Perhaps a Chinchilla or some cavies. I had a pair of guinea pigs when i was younger and I miss them so!


----------



## Capistrono (Apr 12, 2010)

Awesome! There are some goats who belong to an unknown owner that live right across the street from my house and I go over there and pet them and feed them through the fence a lot. They're really friendly, I wish I could have some of my own.
All I have right now is one cat and three rats, but I'm getting a cockroach real soon. And I want a rabbit eventually.

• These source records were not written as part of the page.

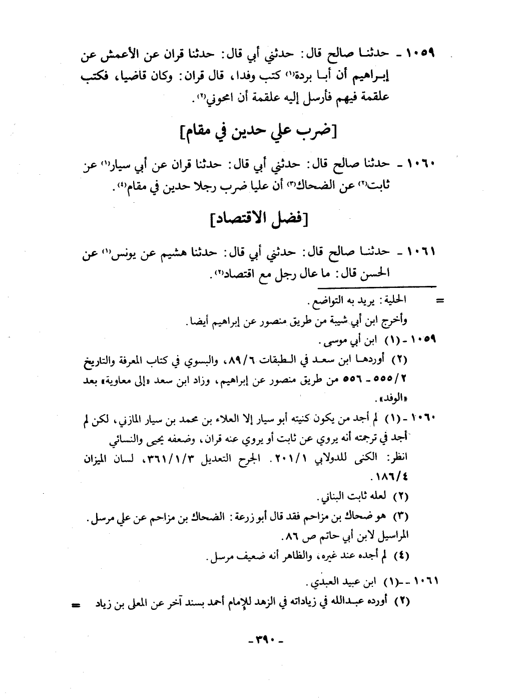 1061 - حَدثنَا صَالح قَالَ حَدثنِي أبي قَالَ حَدثنَا هشيم عَن يُونُس عَن الْحسن قَالَ مَا عَال رجل مَعَ اقتصاد
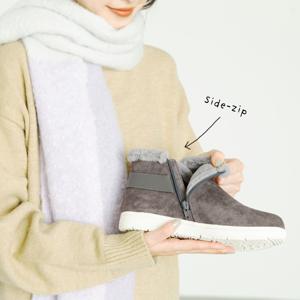 履き口やインソールのふかふかボアに、ゆったりと履ける幅広の3E設計で、暖かく快適な着用感もポイントです。
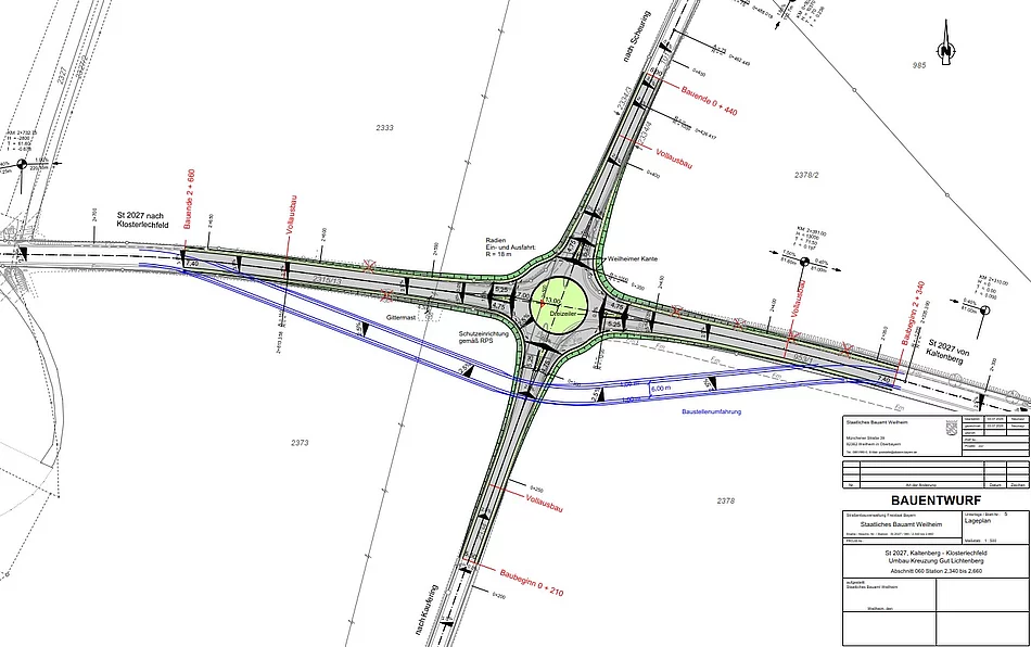 Zur Aufrechterhaltung des Verkehrs auf der Staatsstraße 2027 wird eine asphaltierte Baustraße als Behelfsumfahrung dieses Knotenpunktes eingerichtet. Siehe Planausschnitt mit Behelfsumfahrung.

You should post some pictures of your pets!


----------



## VictorianVanity (Mar 18, 2010)

WOW that is a lot. I'd like to own frogs again. I thought they were rather cute pets. Or a turtle. Who knows.

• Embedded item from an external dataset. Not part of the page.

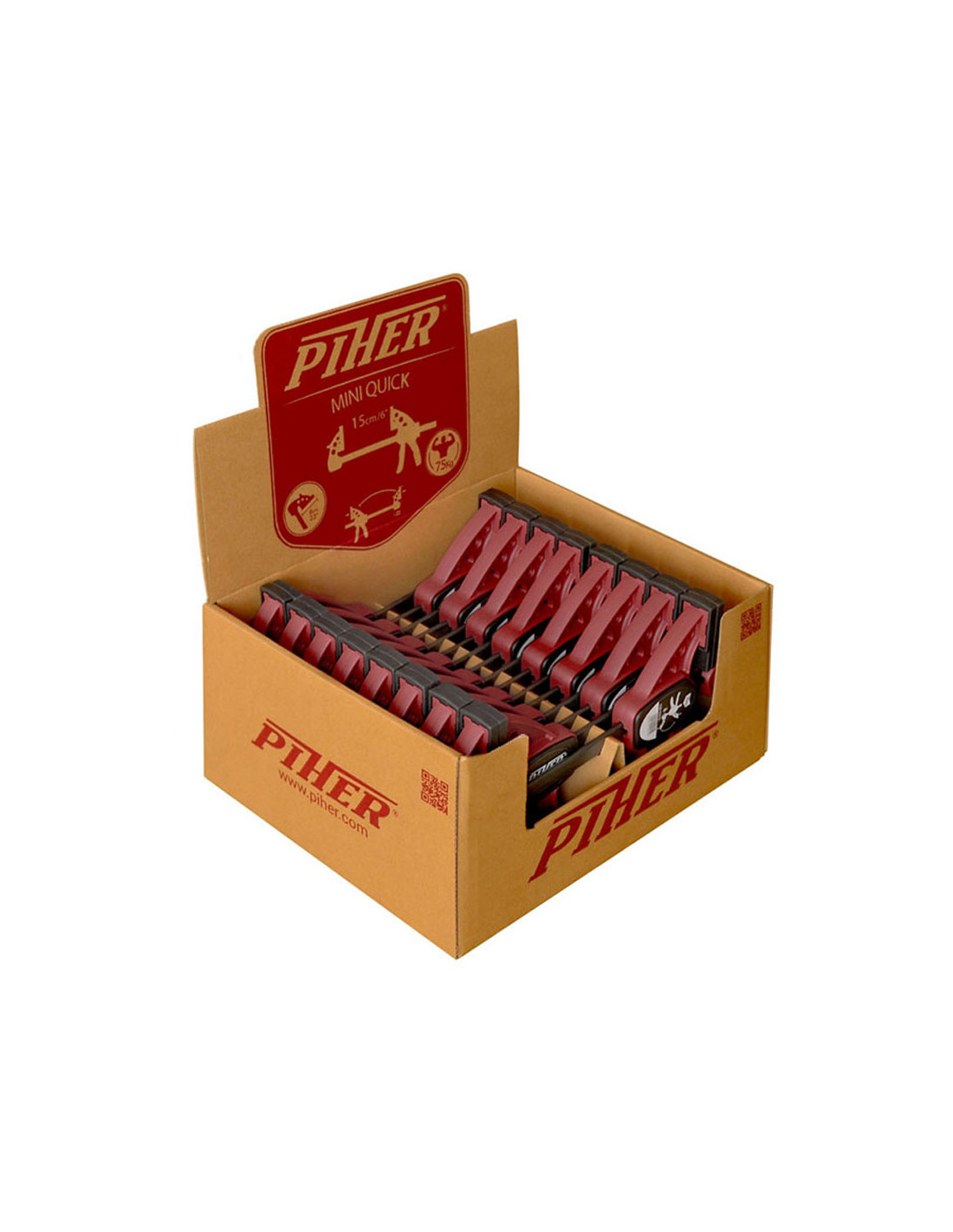 Coffret de 16 mini pinces rapide piher 15cm · réf. 52414. presentoir 16 mini quicks 15cm. poids 4.80kg. mesures: 30x25x16cm

Just so you know, if you live in California still, both flying squirrels and hedgehogs are illegal.


----------



## PandaBee (May 14, 2010)

Capistrono said:


> Awesome! There are some goats who belong to an unknown owner that live right across the street from my house and I go over there and pet them and feed them through the fence a lot. They're really friendly, I wish I could have some of my own.
> All I have right now is one cat and three rats, but I'm getting a cockroach real soon. And I want a rabbit eventually.
> 
> You should post some pictures of your pets!


it took us years to get goats! I'd wanted them forever, but for years, we just didn't have the space. then we bought the farm. Still, no dice. then Chief arrived. he couldn't be in with the mares, so my mom decided to get him a friend. Enter the Junior Livestock Auction. I went with my mom, picked the goat, and we rescued garth from slaughter! yay!

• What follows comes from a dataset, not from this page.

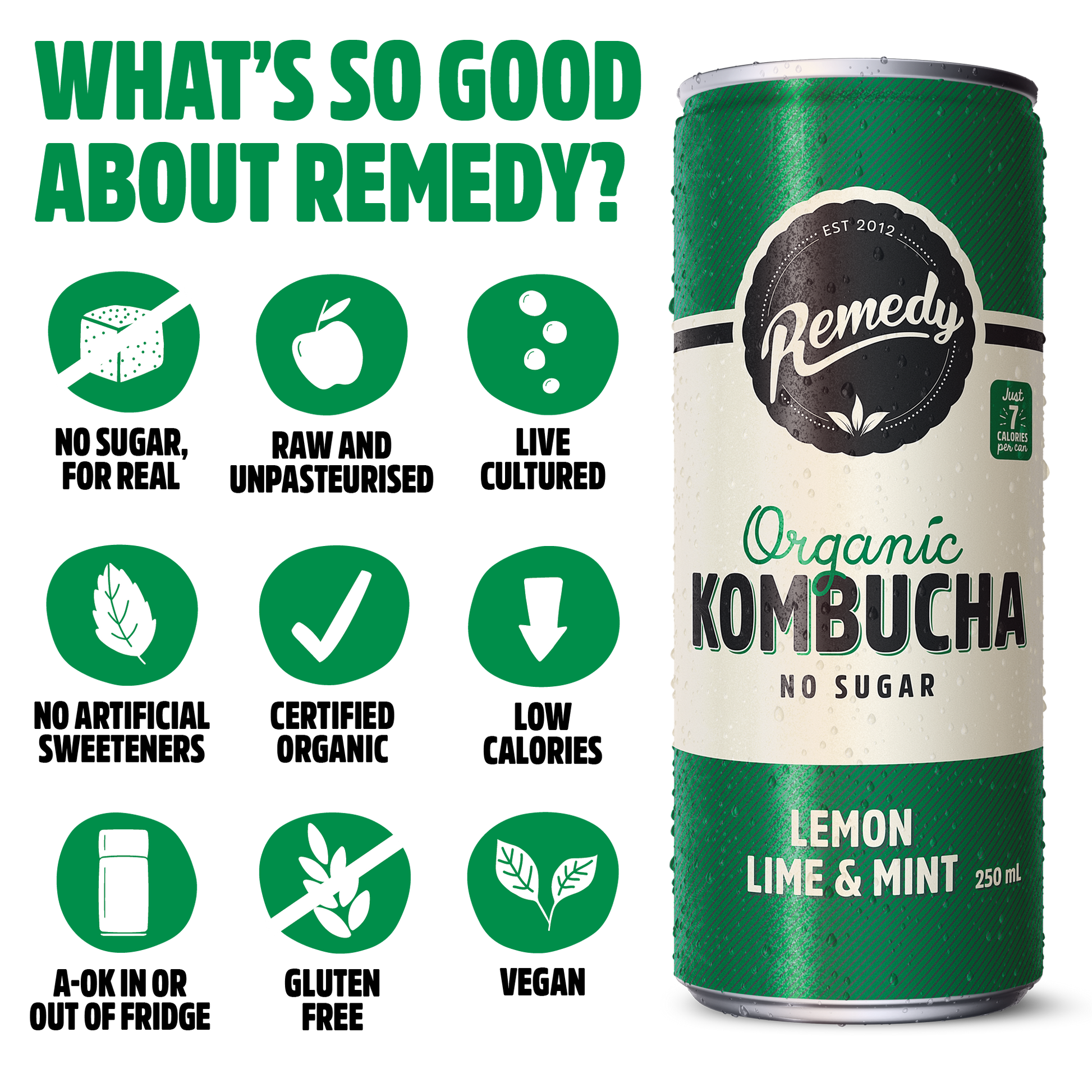 Our kombucha is best served chilled but they are a-ok if they are stored out of the fridge. This is because Remedy Kombucha naturally contains no sugar and our live cultures are super healthy, strong and happy. No sugar means there’s no risk of refermentation. Healthy, strong, happy live cultures mean they stay alive throughout shelf life. It’s a myth that all live cultures need to be refrigerated at all times – fermentation does happen in a warm environment, after all!

but the horse and garth didn't like each other. what ever shall we do for the lonely goat? ???why, we go out and buy MORE goats.

 I was so happy. I used to spend hours sitting in the goat pen. Garth would sit on a big block behind me and put his head on my shoulder and aries would lean on my legs and beg for snacks. my boys. 

I'll try and find some pics. I don't have any of the frogs. they are pretty shy.


----------



## PandaBee (May 14, 2010)

VictorianVanity said:


> WOW that is a lot. I'd like to own frogs again. I thought they were rather cute pets. Or a turtle. Who knows.
> 
> Just so you know, if you live in California still, both flying squirrels and hedgehogs are illegal.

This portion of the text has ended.